What Dylan said back then is still valid, “‘Cause something is happening and you don’t know what it is, Do you, Mr. Jones?”

JWH

 

Keeping Up In The 21st Century

by James Wallace Harris, Thursday, August 8, 2019

I’m reading a rather disturbing book, LikeWar: The Weaponization of Social Media by P. W. Singer and Emerson T. Brooking. It’s disturbing for a number of reasons. First, it shows how completely out of touch I am. Second, it’s very relevant about today’s politics, problems, and conflicts, but makes me realize that I don’t have the tech skills I thought I had – and I’ve been working with computers since 1971. And it’s about a new stage in human communications that I might not be able to join or want to join. I might need to accept I’m too old and let a new stage of human consciousness pass me by.

It’s very difficult to explain why people need to read this book. But here’s a setup that might help. It’s my take on things but relates to what I learn from the book. It’s about the different stages of communications.

  1. Language. This gave us a tremendous boost compared to the other animals, and it’s probably why we’re sentient.
  2. Writing. Let us store knowledge and communicate at a distance.
  3. Printing. Let us mass-produce knowledge.
  4. Telegraph. Let us communicate over distances very fast. This was a tremendous boom for business, war, and journalism.
  5. Telephone. Faster two-way communication without codes.
  6. Radio. The beginning of mass communication. For example, LikeWar quotes Joseph Goebbels saying the Nazis couldn’t have gained power without radio.
  7. Television. More effective mass communication. Truly transformed society.
  8. Computers. They magnified our thinking power and speed.
  9. Networks. Created a world-wide digital nervous system.
  10. Social media. Mass communication with mass participation, or two-way mass communication. LikeWar is about how social media is transforming politics, crime, business, and war. One example LikeWar uses is ISIS, which used social media to overpower traditional national powers.

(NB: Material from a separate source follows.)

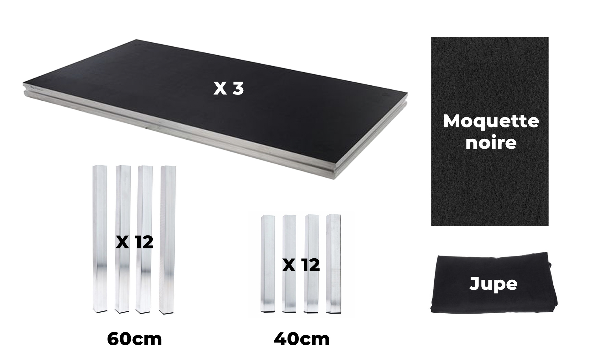 Pack scène 6m2 (3mx2m) avec moquette noire

If you don’t have social media skills you’ll be left behind. Most people’s reactions will be, “Too bad, I don’t care about Facebook.” LikeWar provides significant evidence that all future political power will come from the people who can master social media. LikeWar showed how Trump gained his power with Twitter. Don’t dismiss that out of hand. Singer and Brooking make a powerful case for it being true.

I’m 67 and barely use social media. I blog, I keep up with family, friends, fellow hobbyists on Facebook, I use Twitter to keep up with news about science fiction. That’s essentially nothing. Here’s an example of what I’m talking about. When I was growing up I watched the CBS News every night to follow the Vietnam War. The news was about 24-48 hours old. Some people today keep up with wars in real-time, watching people conduct war using the internet to outmaneuver people conducting war at television and print journalism speeds. LikeWar showed how ISIS used social media users worldwide as recruits in their local battles.

In other words, in any field of endeavor, any conflict, if you’re using print, radio, or television to keep up you’re way behind. We really are developing a global hive mind, and it involves new skills. I can use the excuse that I’m too old to chase that bus. But younger people or older folks who want to compete can’t. And I think that’s stressful. I think a lot of stress in our society is because we’re stratifying by the speed in which we can compete.

I’ll predict there will be a new class of Luddites, those people who choose not to race at social media speeds. But it means giving up power. We’ve had wealth inequality forever, and education inequality for hundreds of years, but what LikeWar envisions is a new kind of inequality. I’m not sure what percentage of the population will be able to keep up.